In addition, all available strategies require the protospacer sequence to be disrupted once the edit is generated to prevent further CRISPR/Cas9 cutting/activity. This almost always requires the introduction of point mutations in the protospacer adjacent motif (PAM) or in multiple bases of the protospacer. The consequences of such mutations in introns and up- or downstream regulatory regions are difficult, if not impossible, to predict. Similarly, silent mutations in exons can have unfavorable effects due to codon usage bias. Therefore, it would be ideal if genome edits, in particular insertions or point mutations, could be generated without modification of the surrounding original genomic sequence.
Finally, since CRISPR/Cas9 guide RNAs are short 19- to 20-bp-long sequences, there are often multiple closely matching sites (i.e., differing only by a few base pairs) in the genome that could be targeted, albeit at lower frequency.

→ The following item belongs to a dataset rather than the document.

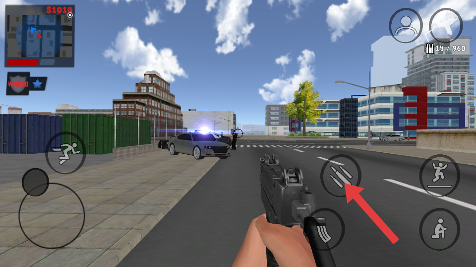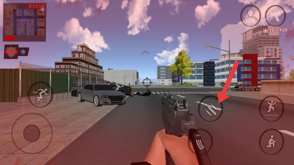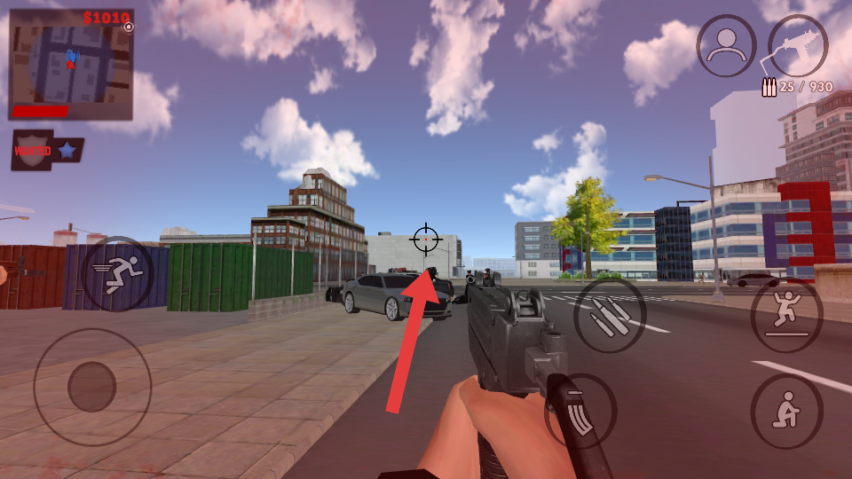 1、进入城市场景后,先熟悉基础操作,通过移动摇杆控制角色在街道、建筑间移动,练习切换与射击按键的配合。

While algorithms have been developed to easily predict such potential off-target sites (Hsu et al. 2013; Doench et al. 2016), the prevalence of undesired CRISPR events has not been systematically analyzed in C. elegans and would require ad hoc experiments for each sgRNA.

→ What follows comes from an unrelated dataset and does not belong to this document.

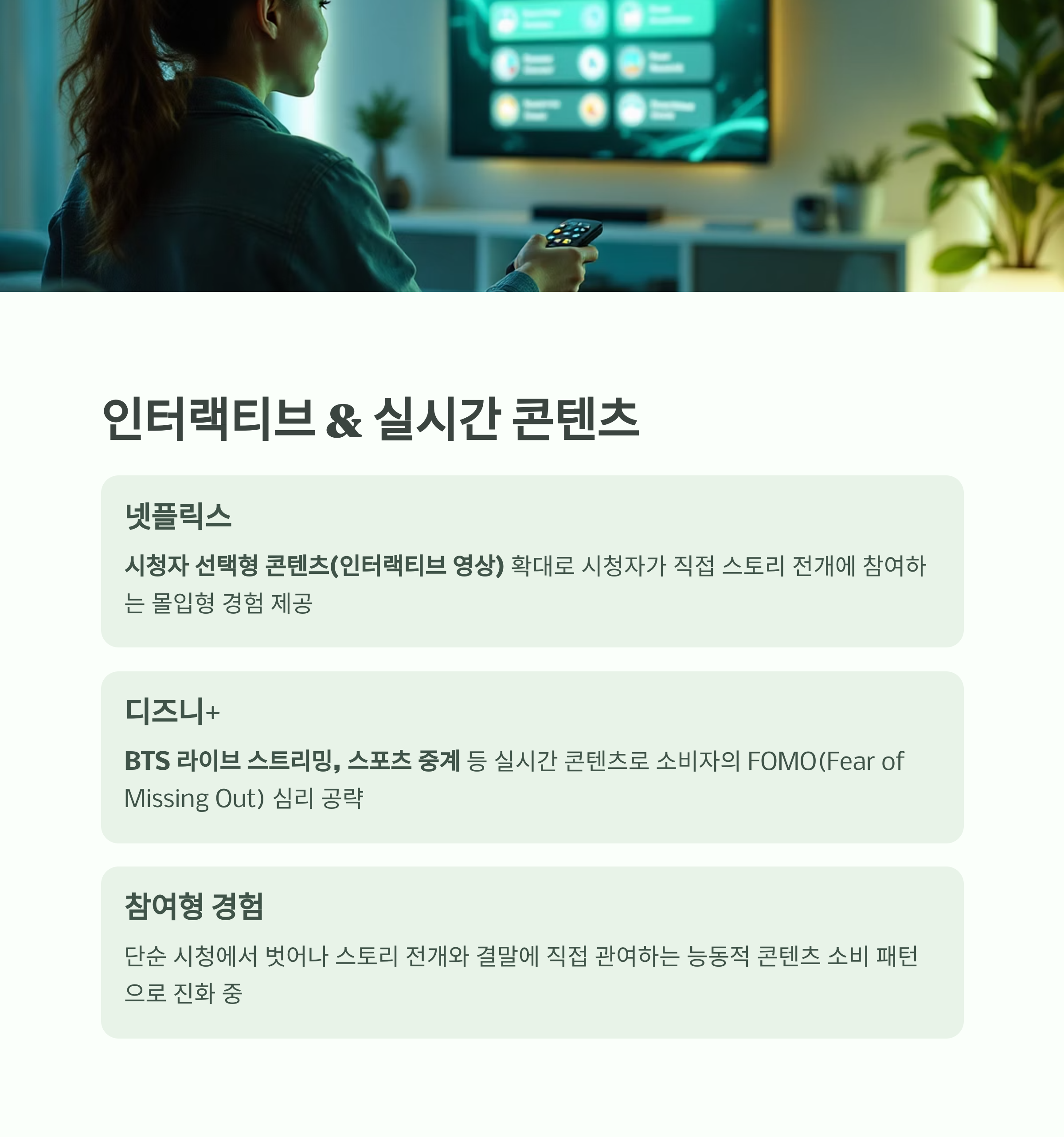 일방적인 콘텐츠 소비에서, 참여형 경험으로 OTT의 경계가 확장되고 있는 흐름이에요.

We describe here a two-step strategy for reliable and scarless modification of the C. elegans genome using a single-guide RNA that facilitates the detection of genome engineering events based on an easily recognizable phenotype. Indeed, we reasoned that it should be possible to circumvent many practical hurdles described above if we transplanted the protospacer for a highly efficient sgRNA into a genomic locus of interest to create an “entry strain” that would be more amenable to genome engineering. Specifically, we inserted a protospacer and PAM from the dpy-10 gene (Arribere et al. 2014) – further referred to as the “d10 site” or “d10 sequence” – close to the targeted genomic region. In this “d10-entry strain,” we could then induce double-strand breaks at both the transplanted d10 site and the endogenous dpy-10 locus using a single sgRNA. We demonstrated that the d10 site and the dpy-10 locus were efficiently cut within the same nucleus. Finally, we found that coconversion events (insertions of fluorescent reporter genes and epitope tags) occurred on average in 8% (i.e., 1 in 12 animals) of F1 progeny that also carried mutations in the marker gene dpy-10, revealing a high incidence of coconversion events. Since this coconversion step no longer relied on an endogenous protospacer from the targeted locus, we did not need to introduce mutations in PAM or protospacer sequences and could generate perfectly accurate and scarless genome edits. Although our strategy is especially suited to insert sequences into the genome, we could also obtain large, precisely targeted gene deletions.
Materials and Methods
Strains generated in this study
N2 Bristol was used as a wild-type starting strain for transgenic lines generated in this study. Worms were raised at 20° on nematode growth medium and fed Escherichia coli OP50. Worms were grown at 25° after injection. Table S2 in File S1 provides a comprehensive list of the strains constructed for this study.
Molecular biology
Single-guide RNA expression vectors (see Supplementary Methods in File S1) and plasmid repair templates were constructed using standard molecular biology techniques and Gibson assembly (Gibson 2011). They were systematically validated by Sanger sequencing before injection. Tables S3 and S4 in File S1, respectively, list the oligonucleotides and vectors used in this study. The Cas9-expression vector pDD162 was obtained from Addgene (Dickinson et al. 2013). Vectors generated for this study are available upon request.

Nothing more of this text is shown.